The map_generator method generates maps of the desired features, whether they are observed or estimated. The maps are generated based on the estimated data limits introduced by the user to the evaluation class in the time periods defined by the user. The results can be limited to positive values and/or to percentages if needed. The user has the ability to add a desired shapefile to the maps, display the measured data and define the aesthetics. The results can be saved as an interactive HTML file or in an image format.

Project management

The session class enables the functionality of saving and loading one or all defined objects of a session (yellow frames in Fig. 4). The session class is powered by the Dill python library82 because of its capacity to save the executed Isocompy project as a compressed file along with its results in a single command. Hence, it would be feasible to save and close an interpreter session, send the compressed session file to another computer, open a new interpreter, decompress the session and thus continue from the point of work saved in the original interpreter session.

Outputs

Isocompy outputs can be categorized into four groups: reports, figures, maps and datasheets. It is possible to obtain this information at different steps to clarify the underlying processes. Reports are generated to address the input data characteristics, partial and whole time period statistics, the best first- and second-stage model characteristics, all models in the first and second stages, the best second-stage model selection scoring details based on the chosen function, prediction model uncertainty statistics, residuals, observed and estimated isotopic value statistics and errors.

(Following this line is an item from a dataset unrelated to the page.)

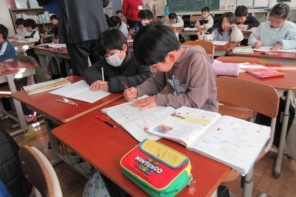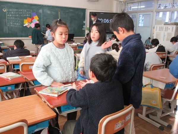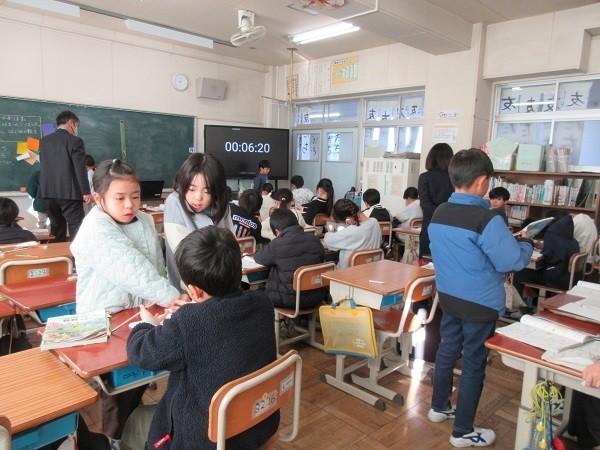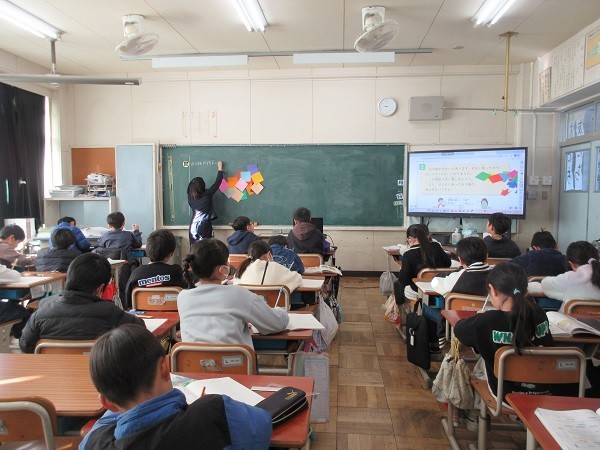 3年生の教室に行くと、算数の学習をしていました。ある場面を式に表すそうです。動画で前の時間の復習をした後、今日の場面です。「おり紙が何枚かあります。8枚使ったので、のこりが16枚になりました。」「何算になりそうですか」と先生が聞くと「ひき算」という声が。「どうして」と聞かれると、しっかり理由を言えていました。さらに「付け足しあります」と補足してくれた人もいました。
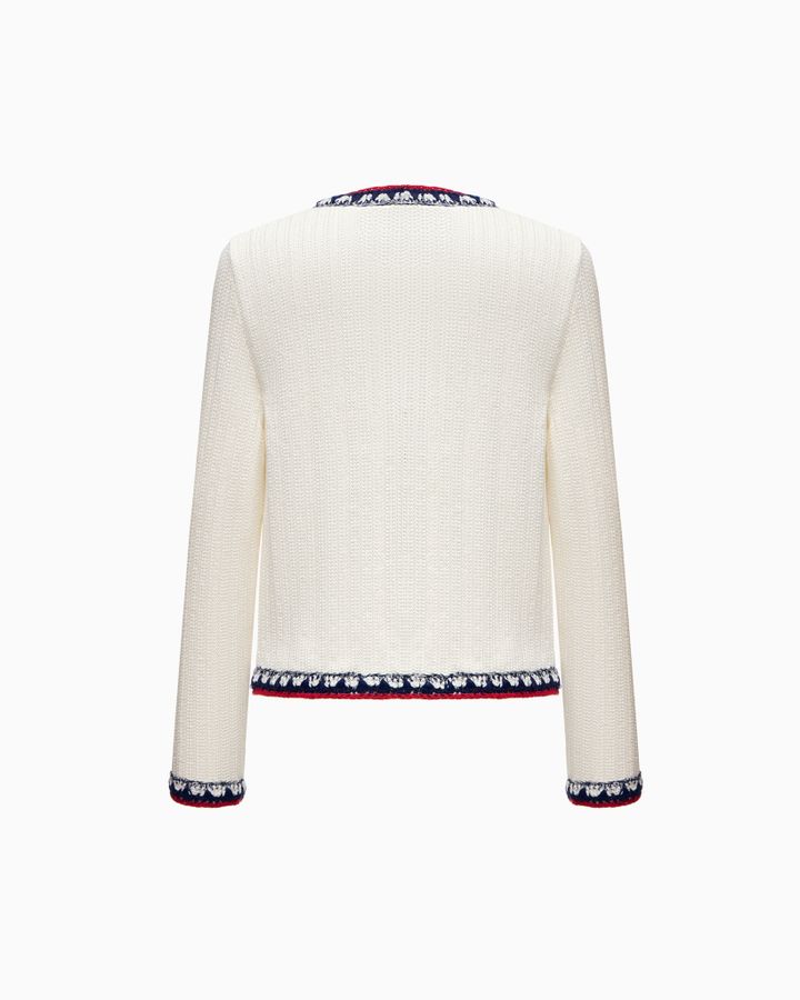 Этот вязаный жакет от Les Archives — современная кутюрная интерпретация классического укороченного жакета. Несколько видов вязки создают уникальную текстуру, которая привлекает внимание, а сверкающие ювелирные пуговицы становятся ярким акцентом, характерным для бренда. Контрастные белые детали, окаймляющие карманы и края жакета, придают ему дополнительную выразительность. Сочетайте его с монохромными вязаными шортами и босоножками на шпильке, завершая образ, но не выход в нем.

Figures can be created for partial dependencies, observed-estimated regressions, residual plots and meteoric line plots, as explained in “Postprocessing tools”. The bottom-left and top-right parts of Fig. 8 show examples of partial dependencies and residual plots, respectively. Examples of observed-estimated plots can be seen in the figures of the next section.

Figure 8
figure 8

Screenshots of the outputs generated by Isocompy. Top left: an example report. Bottom left: partial dependency plots of the selected features. The values are standardized between zero and one. Vertical ticks on the x-axis illustrate the percentile of the data. Top right: a residual plot at each observation point generated by Isocompy via the isotope_meteoline_plot method. Bottom right: an interactive map generated by Isocompy without an available shape file.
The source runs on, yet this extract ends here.